S’agissant de la formation professionnelle des personnes
détenues, nous pensons que celle-ci gagnerait à être
confiée aux régions. Or l’expérimentation souhaitée
au travers de la loi pénitentiaire s’est heurtée à un
obstacle imprévu : la nécessité d’indemniser les
partenaires privés des établissements en gestion
déléguée compétents en matière de formation. Il
importe de modifier les cahiers des charges à cet égard.

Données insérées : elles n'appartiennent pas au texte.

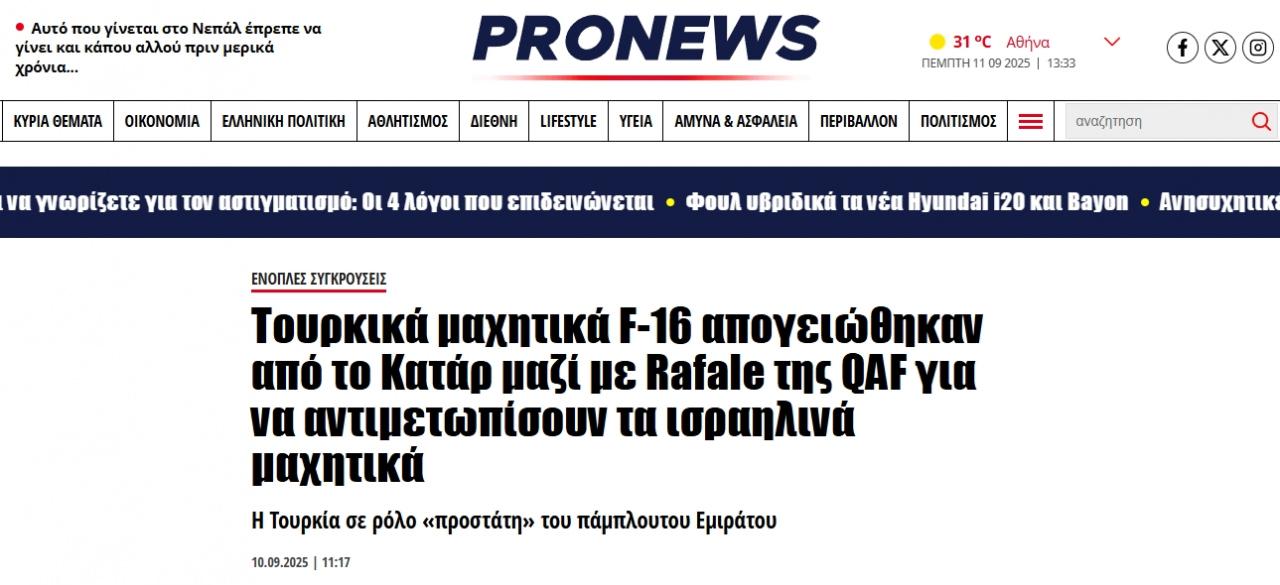 Yunanistan’da yayın yapan Pronews, Katar’da bulunan Türk üssünün İsrail’in havadan karaya füzelerini tespit ederek akının tesirini azalttığını belirtirken, Türk savaş uçaklarının da çabucak havalandığını tez etti. Pronews, Türk F-16 savaş uçaklarının hava saldırısının çabucak akabinde Katar’a ilişkin Rafale ve Eurofighter savaş uçaklarıyla birlikte kalkarak ortak misyon icra ettiğini ve ikinci bir İsrail saldırısını engellemek için havalandığını öne sürdü.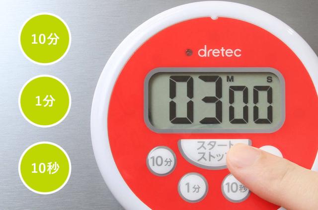 「10分「1分」「10秒」のボタンで計りたい時間に合わせて簡単にセットが出来ます。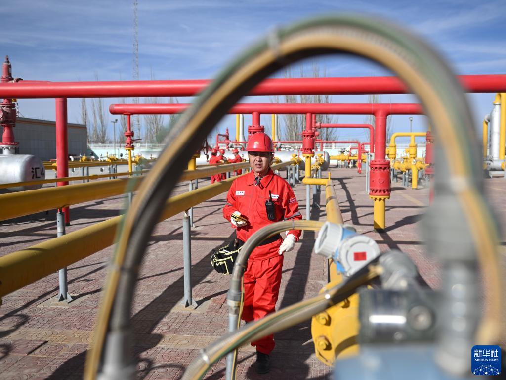 2月6日,中國石油天然氣集團公司青海油田公司管道處格爾木配氣總站輸氣工在巡檢管道。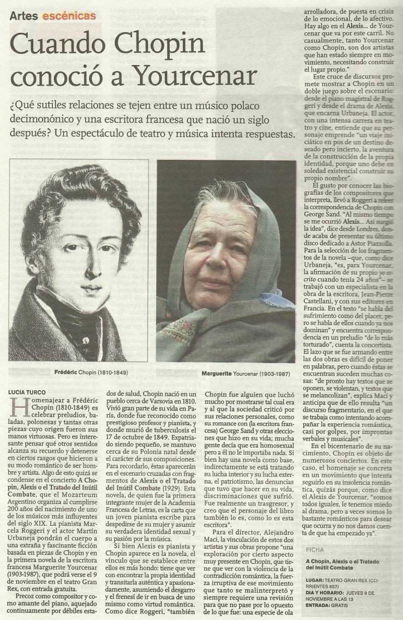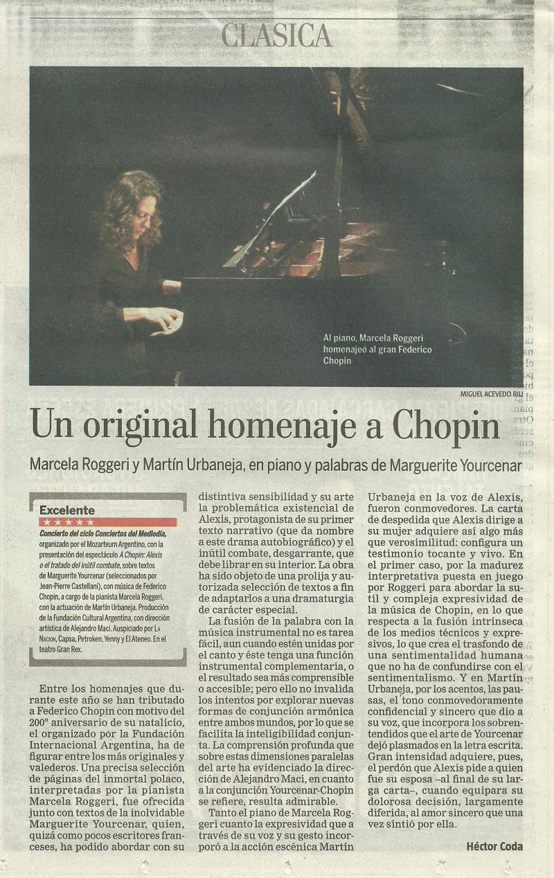 Crítica de la Revista Eñe (Clarín) al espectáculo en el cual la pianista Marcela Roggeri y el actor Martín Urbaneja dieron cuerpo a una extraña y fascinante ficción basada en piezas de Chopin y en la primera novela de la escritora francesa Marguerite Yourcenar (1903-1987), que pudo verse el 9 de noviembre en el teatro Gran Rex.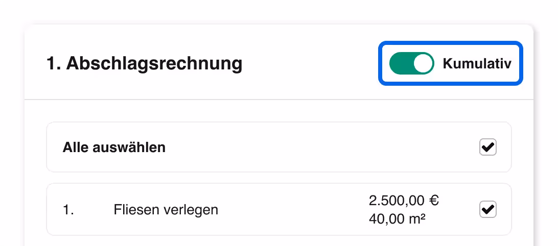 Mehr Flexibilität bei kumulativen Abschlagsrechnungen 📈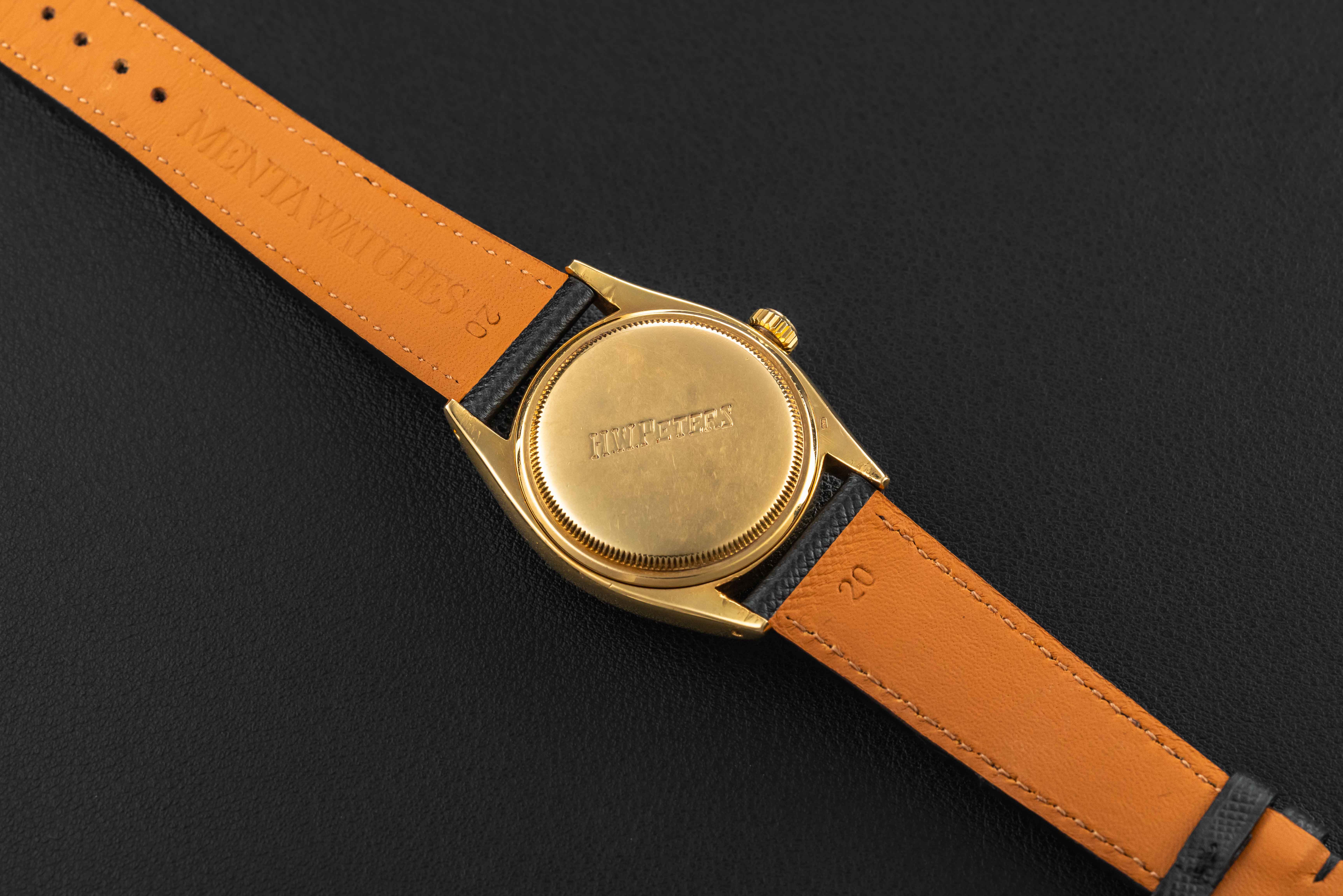 The condition of this rare star-dial Oyster Perpetual is great. The case has been lightly polished in the past, retaining thick and even lugs, and has an engraving of a prior owner reading “H.W. Peters”. Further, the dial remains very well-preserved, with no major damage, and a light patina to the honeycomb texture. Finally, the original radium lume remains in-tact on both dial and hands, aged to a warm orange color, with very minor loss to the minute hand.
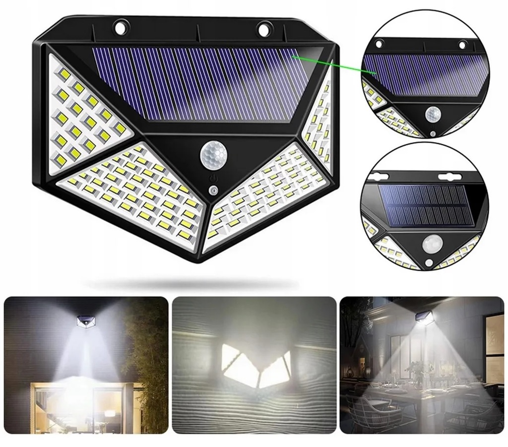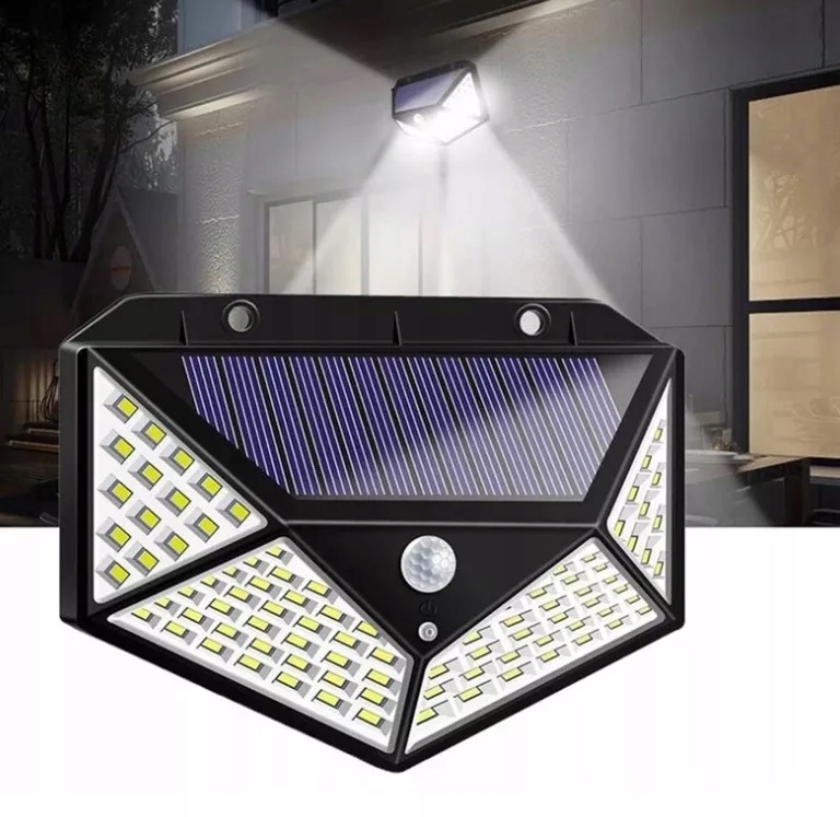 LAMPA SOLARNA Z CZUJNIKIEM RUCHU ZMIERZCHU 100 LED OGRODOWA NAŚCIENNA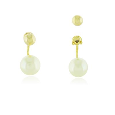 Brinco E. Jacket onde o brinco da frente tem o pino (nesse caso a bolinha lisa menor) e a parte de trás vem com a tarraxa que é o gancho de pérola com banho antialérgico de ouro amarelo 18K. Brinco mede 1,7cm de altura e a bolinha mede 5m de diâmetro e a pérola 1,0cm de diâmetro.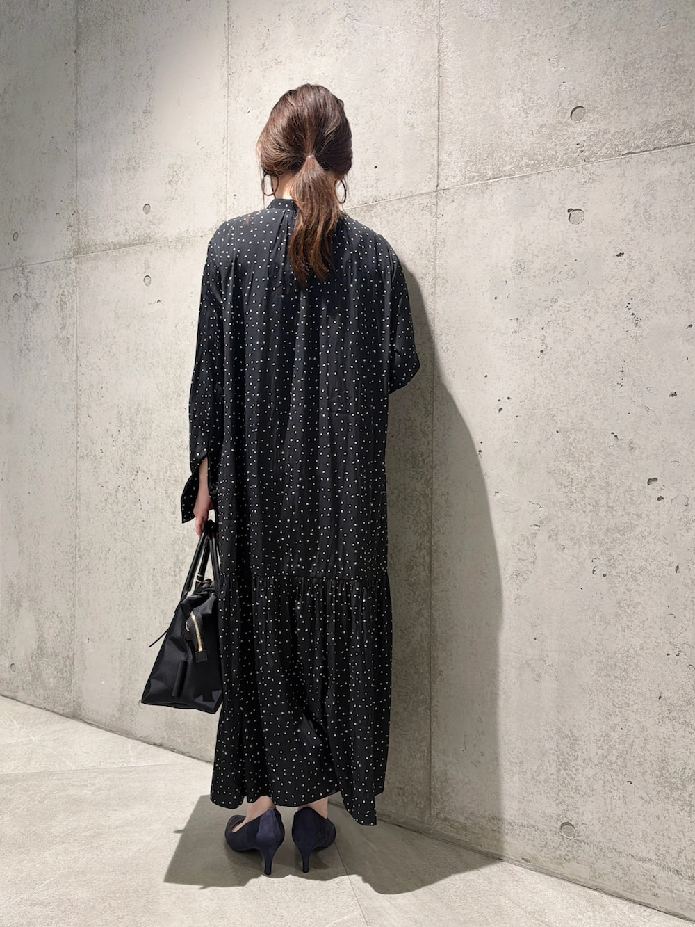 一枚でさらりと着るだけで様になるデザインで、パンプスやブーツを合わせるとシックな着こなしに。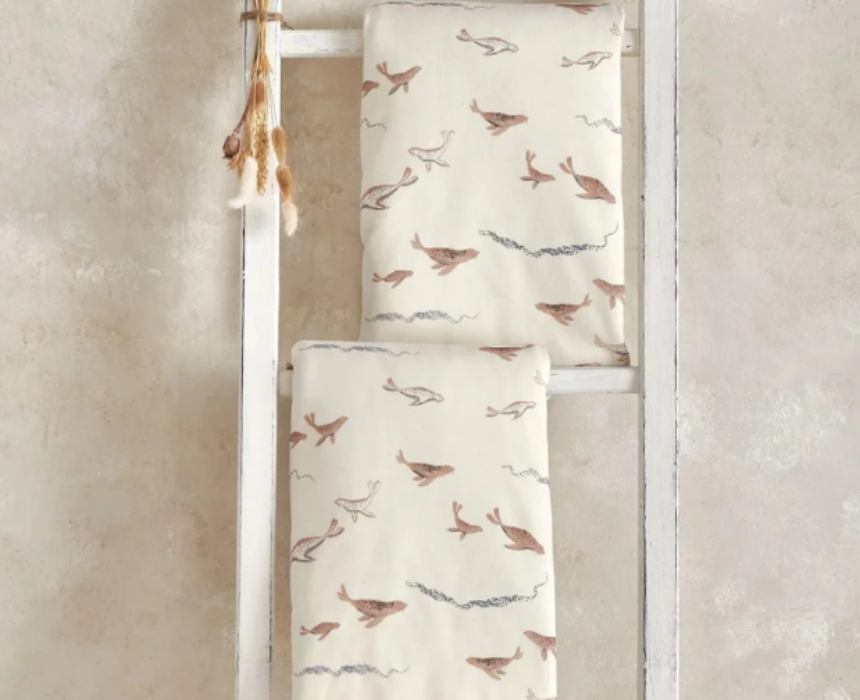 The cotbed fitted sheets pack includes two ultra-soft 100% cotton jersey sheets designed to fit cotbed mattresses securely and comfortably. Featuring a charming hand-sketched seal print in soft browns and ocean blues on a neutral base, they offer breathable comfort for everyday sleep while maintaining their natural stretch wash after wash.

Je voudrais maintenant aborder un point très sensible,
encore exacerbé par l’évasion récente de la maison
d’arrêt de Lille-Sequedin : le régime des fouilles, qui
représente un sujet de crispation majeure avec les personnels de
surveillance.
S’il a interdit les fouilles corporelles internes, sauf
autorisation d’un magistrat et réalisation par un médecin
extérieur à l’établissement, le législateur n’a
pas interdit les fouilles intégrales, mais seulement leur caractère
systématique.
Ces fouilles doivent être justifiées par la
présomption d’une infraction ou par les risques que le comportement
des personnes détenues fait courir à la sécurité des
personnes et au maintien du bon ordre.
Ces dispositions de nature à protéger la dignité
de chacun et à limiter le risque suicidaire, si préoccupant dans
notre pays, doivent être maintenues et appliquée. Vos co-rapporteurs
estimaient que l’indispensable conciliation des principes de
sécurité et de respect de la dignité imposait le recours à
des portiques à ondes millimétriques permettant de visualiser les
contenus des corps et de repérer la présence à la fois
d’objets dangereux et de substances illicites, sans que la personne
détenue ait besoin de se dévêtir, à l’instar de ce
qui existe dans nombre d’aéroports.
Que l’on arrête, madame le ministre, de nous dire que
ces scanners corporels coûtent trop cher ! Le prix de
150 000 euros, dont le montant serait revu à la baisse si
l’administration pénitentiaire en acquérait le nombre
nécessaire, ne correspond qu’à peine au prix d’une place
de prison supplémentaire.
En outre, on sait bien que c’est par les projections
qu’atterrit dans les cours de promenade l’essentiel des objets les
plus dangereux. Il faut à la fois multiplier et élever des filets de
protection, et donner des consignes strictes aux forces de l’ordre,
police et gendarmerie, pour opérer aux heures de promenade les
surveillances nécessaires et les arrestations indispensables.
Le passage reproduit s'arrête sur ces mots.